The Psychopath: A True Story(39)



‘So for her that was a big deal, that was a really big deal. Um, and her mum was lovely, I liked her parents, but I loved her mum – I wished she was mine – she was an amazing, amazing woman. She was very much that kind of dour . . . you know that something just has to be done, this is the way it is . . . She was just this really good host.

‘Mary was a nonconformist; her first move was to go rush out and drop out of school. Hooked up with this guy who played guitar; he sang in a bitsy band and had a kid within five seconds of whoever he happened to be with. She was a groupie. Had a little kid by him. And she lived in a little flat. But she was on, I think, her 3rd mortgage. [laughs]

‘She had a relationship with her parents, her cousins, her child . . . [several hand motions] and she worked for Midlothian Council, so she was probably on about 20 or 30 grand a year – which for Edinburgh is not that much.

‘She was very quick: she could put A, plus B, plus C, plus D, “that means if I do this, this and this”, then she can apply logic to it.

‘So after we first got together . . . at first I thought I wouldn’t tell her anything, but she could see where things were going.

‘I mean I was happy; I was genuinely happy. That was the greatest loss of that whole era [circular hands] for me, because she was an amazing person.

‘She reasoned, if you are happy to play along, then I am happy with this. You don’t have to live here; you don’t have to do what you are doing. If you want to start up a business – because she had always wanted to start up her own business. You have got your reasons – do it!

‘I get in this car that doesn’t start every couple of days. She said, “All right, let’s get you a car, let’s build a life here! You’re going to have to pay X amount of money into this bank account.” And she walked the walk. Again, as long as it was not something that was in her face. It wouldn’t be up there, that was the whole point. We would never criss-cross each other. Before we got happy, it’s just – I call it God’s will of the mongrels that we came here, because OK, enough is enough . . . um, but that was fine – that went on for years – we were together for five years, I think.’

Mischele: ‘Five or six years, I think she said.’

Will: ‘And that, you know, quite honestly, that would have gone on forever. It wouldn’t have changed.’

Mischele: ‘Wouldn’t it have been easier to leave [your wife] and then you could’ve just lived happily ever after with Mary?’

Will: ‘And that was kind of where things were getting to . . . We had a separate company up there. Money was being funnelled into things . . . It was being funnelled into the house in her name. I trusted her. It’s not like I had an “us” thing. I trusted her.
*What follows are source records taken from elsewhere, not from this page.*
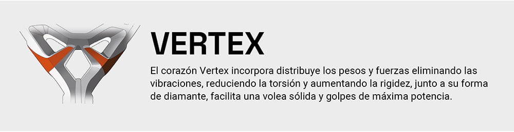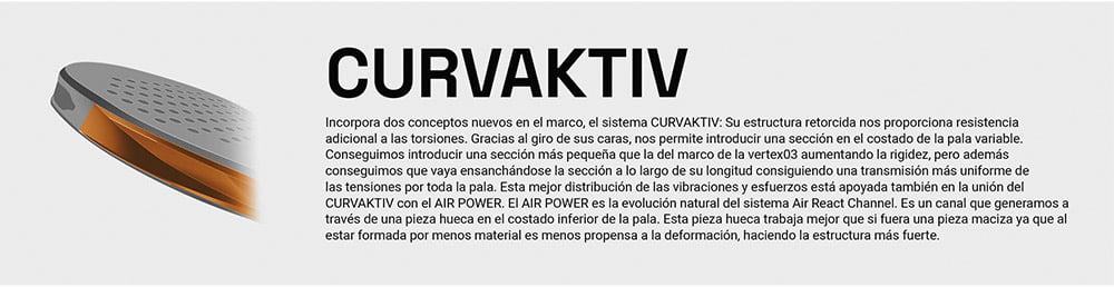 La pala Vertex 04W es una pala ligera con forma de diamante, de máxima potencia, alto rendimiento sin pérdidas de control y con superficie rugosa Topspin para un mayor agarre y efecto de la bola. Está concebida para jugadoras profesionales o avanzadas. Incorpora dos conceptos nuevos en el marco, el sistema CURVAKTIV: Su estructura retorcida nos proporciona resistencia adicional a las torsiones. Gracias al giro de sus caras, nos permite introducir una sección en el costado de la pala variable. Conseguimos introducir una sección más pequeña que la del marco de la vertex03 aumentando la rigidez, pero además conseguimos que vaya ensanchándose la sección a lo largo de su longitud consiguiendo una transmisión más uniforme de las tensiones por toda la pala. Esta mejor distribución de las vibraciones y esfuerzos está apoyada también en la unión del CURVAKTIV con el AIR POWER. El AIR POWER es la evolución natural del sistema Air React Channel. Es un canal que generamos a través de una pieza hueca en el costado inferior de la pala. Esta pieza hueca trabaja mejor que si fuera una pieza maciza ya que al estar formada por menos material es menos propensa a la deformación, haciendo la estructura más fuerte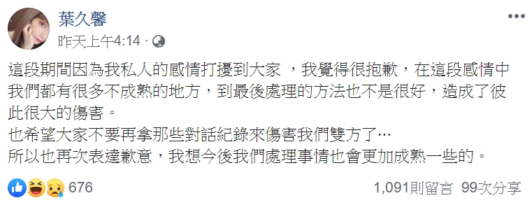 葉久馨的貼文原本令網友相當心疼,然而近日她卻再度貼文聲明表示「這段期間因為我私人的感情打擾到大家 ,我覺得很抱歉,在這段感情中我們都有很多不成熟的地方,到最後處理的方法也不是很好,造成了彼此很大的傷害。」並將原本貼出的爆料貼文,以及許多對話紀錄和錄音證據全數刪除,同時寫道「希望大家不要再拿那些對話紀錄來傷害我們雙方了⋯所以也再次表達歉意,我想今後我們處理事情也會更加成熟一些的。」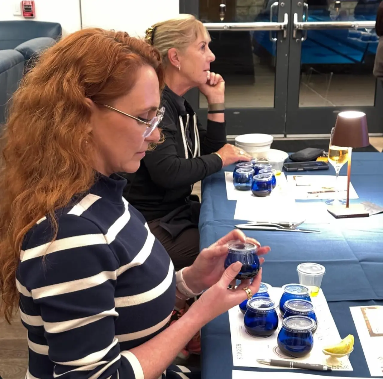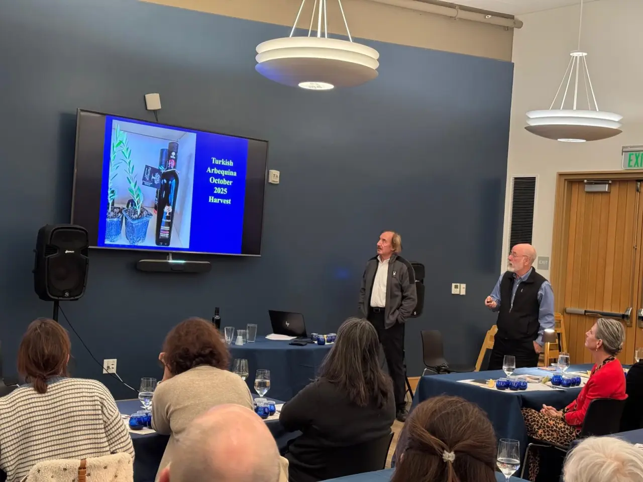 Manisa'nın Köprübaşı ilçesinde üretim yapan Hermus Zeytinyağları'nın sahibi Ali Zihnioğlu, Amerika Birleşik Devletleri'nin San Francisco kentinde Alpine Hills Tenis Kulübü tarafından düzenlenen zeytinyağı tadım panelinde Amerikan katılımcılara eğitim verdi.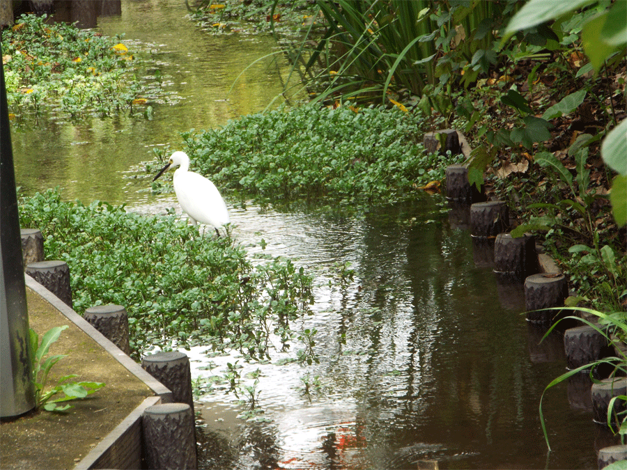 鷺は川面を見てられない人間が気に成って、土手の道は未舗装で草ぼうぼう。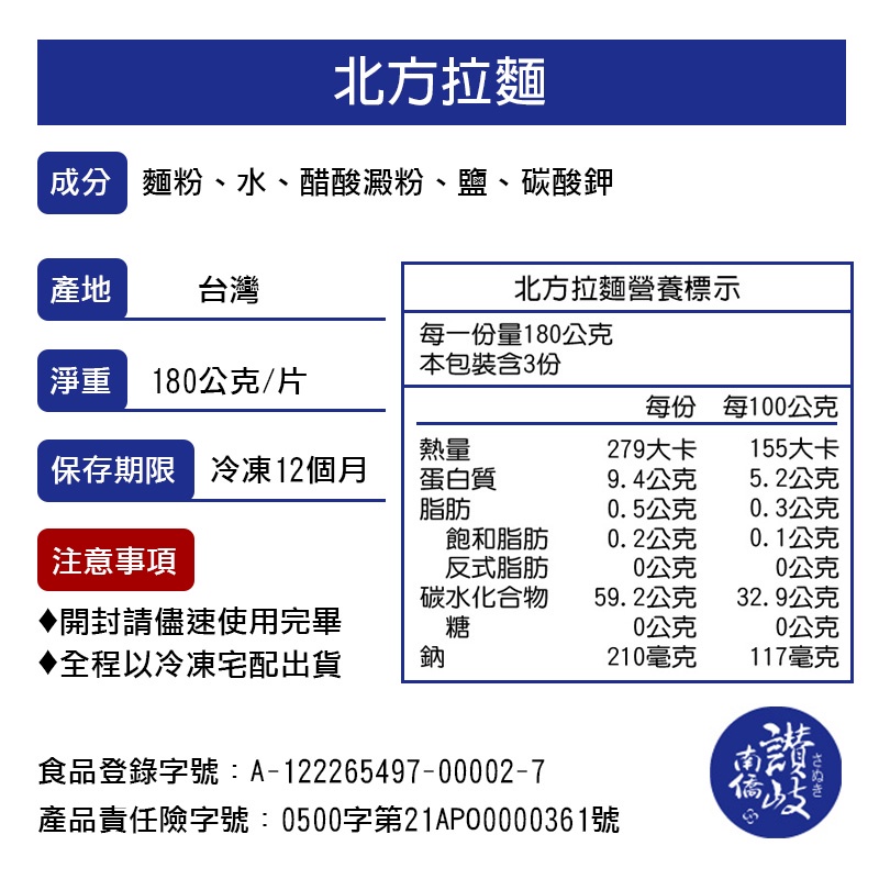 【南僑讚岐】北方拉麵-箱入 (1箱/10包入) | 急凍熟麵專家

OK, fine, the house needs to be in her name, the bank account needs to be in her name – so on and so forth. So that these things won’t cause an issue all of a sudden, “Well, I want [hand chop motion] to get everything”. . . Keep in mind . . . All I was interested in was making sure that, OK, you guys can still carry on living – and I wanna do the same. I didn’t go through all this and work this hard to wind up trying to find change for a coffee. Yeah, I was manipulating and manoeuvring things so that I could break and move somewhere else.’
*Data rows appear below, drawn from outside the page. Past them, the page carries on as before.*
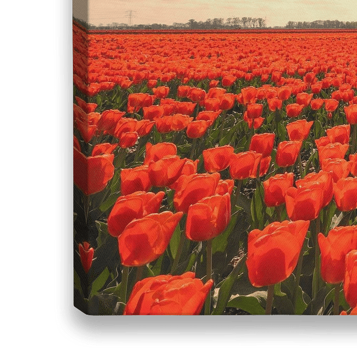 Rote Tulpen, die im Frühling auf landwirtschaftlichen Feldern im Noordoospolder in Flevoland, Niederlande, wachsen. Der Noordoostpolder ist ein Polder in der ehemaligen Zuiderzee, der ursprünglich angelegt wurde, um mehr Land für die Landwirtschaft zu schaffen.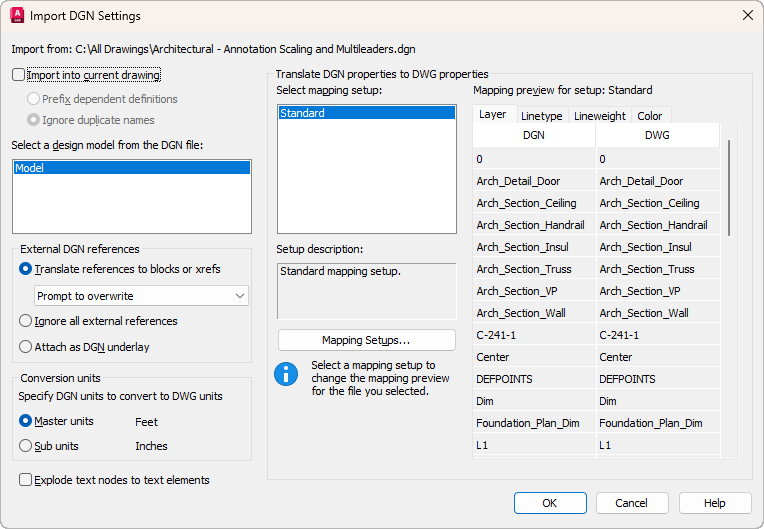 Converts DGN references to blocks when importing into a current drawing and to xrefs when importing into a new drawing.
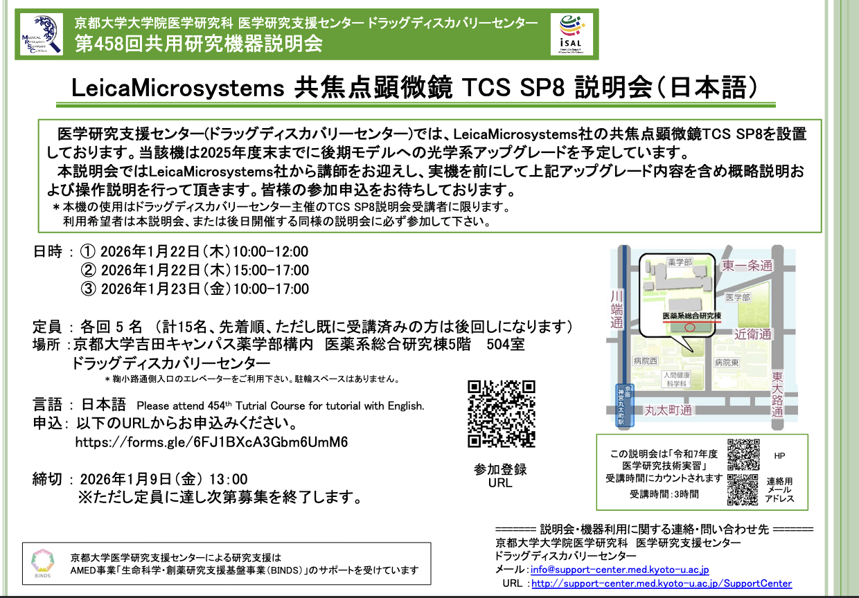 【ドラッグディスカバリーセンター】第458回共用研究機器説明会を開催します(LeicaMicrosystems 共焦点顕微鏡 TCS SP8 説明会)※1月22日または23日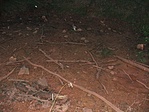 jelzésen. A pocsolya ki volt száradva. Röfikkel nem találkoztunk. A láda könnyen meg lett. A hosszú kidőlt fatörzs már nincs ott, csak száraz törzs csonk a rejtek felett. A doboz meg van repedve és lukas, cserére szorul.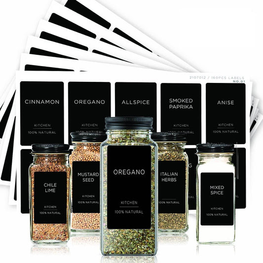 Minimalist Spice Labels Set w/Extra Black Text on White, waterproof Matte For Jars, Glass Containers & Canisters - 160 Preprinted 1.375 inch X 2.125 inch - Includes an Exclusive Reference Sheet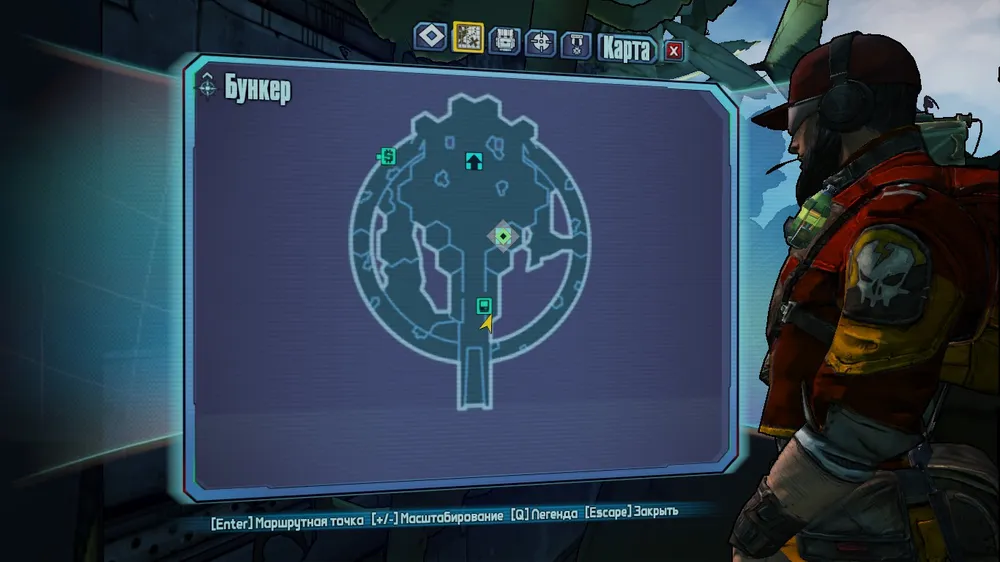 2. В районе большой спутниковой тарелки. Бежим мимо тарелки и далее по железному мостику. Символ на скале, за сундуком с сокровищами.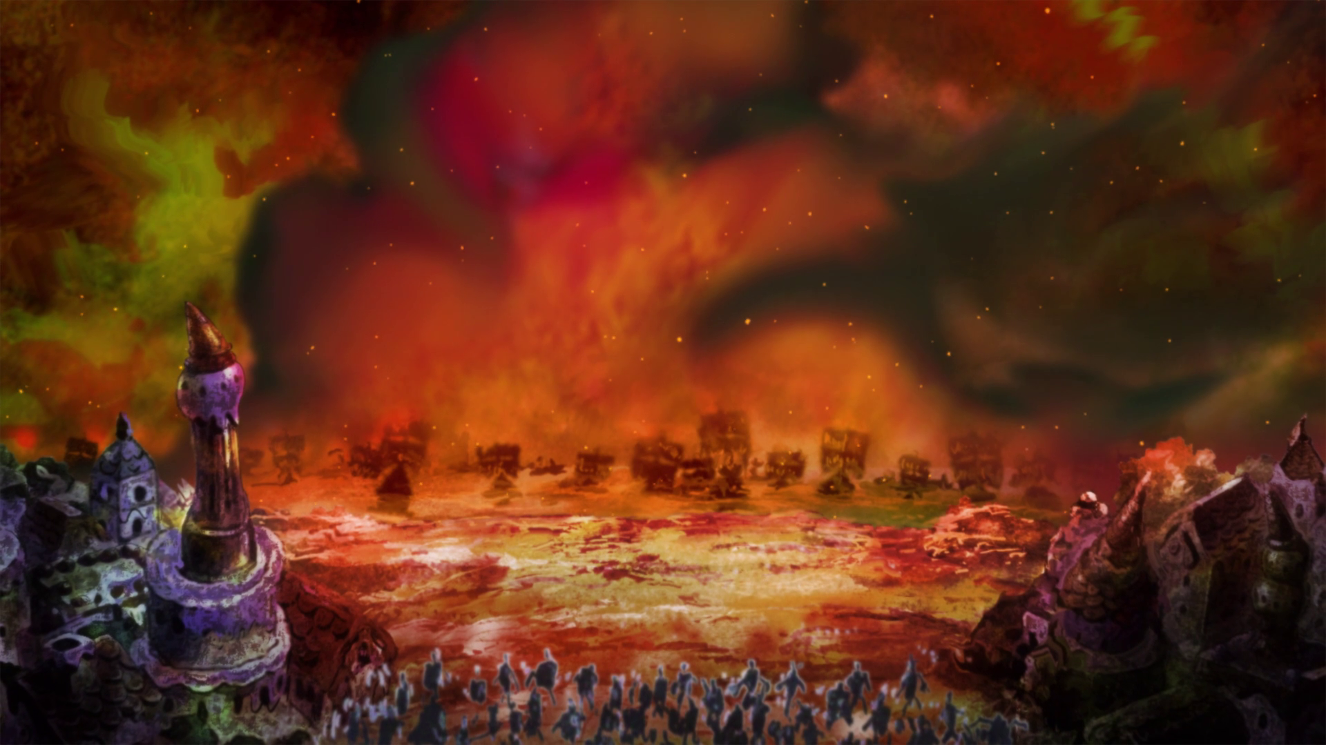 Gli abitanti dell'arcipelago vengono a sapere di ciò che sta accadendo a Cacao e che i Pirati Firetank e Big Mom hanno raggiunto Funwari, dove quest'ultima sta per cibarsi della torta nuziale. Quando giunge la notizia che, mangiando il dolce, l'imperatrice si è calmata, tutti gli abitanti dell'arcipelago esultano. Nel frattempo, la flotta di Smoothie circonda la Thousand Sunny, ma in soccorso dell'equipaggio intervengono prima Vinsmoke Judge e poi i Pirati del Sole. Tuttavia, in poco tempo la situazione si ribalta: il Germa 66 sembra avere la peggio su Cacao, Oven fa bollire il mare attaccando tutti coloro che vi sono immersi e la nave dei Pirati del Sole viene colpita dalla Queen Mama Chanter. Tuttavia, la ciurma di Aladin va al contrattacco per permettere alla Sunny di fuggire. Poco dopo giunge la notizia che quest'ultima è uscita dalle acque di Tottoland.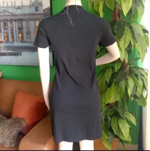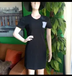 Vestido color negro estilo camiseta, escote redondo. Bolsillo de parche al frente con logo de la marca bordado al pecho. Manga corta.Talla M- hombro a hombro: 40cm- Axila a axila: 43cm- Largo: 88cmMaterial:👉100% algodónMarcas originales importadas de USA.

He then went on to say that I was complicit in his plan. That what hurt him the most about my book was that I had denied I’d been involved in his plan all along. But then he also said that he got it. He understood that I had to ‘wave a flag’ to ensure people didn’t think I was involved in his deceptions and had in fact been left lots of money, ‘multiples of seven figures’ as he said before. (I do remember getting phone calls from the other wife asking if I had got money from him, I assume now because he was telling her the same thing. At the time I was distracted by having found out my mother was terminally ill.)

Will: ‘And yeah, [my wife] is nothing if not efficient. She’s like a dog with a bone when she starts something [makes scratching hand action on the table with his fingers]. Start thinking, “OK, you have a job. Where is all the money? [drumming fingers on table] . . . Where’s the rest of the money?” But – she’s waving that flag, and all that just gets swept under the carpet. And I felt, truthfully, I felt outfoxed. I couldn’t see that coming. Couldn’t see that coming. Because there was nothing I had stuffed under a mattress, for me personally. I hadn’t done that. Because it had never crossed my mind. What was under the mattress for me was in that scenario. I had never thought about that – so I thought kinda like, “OK. Learnt your lesson.”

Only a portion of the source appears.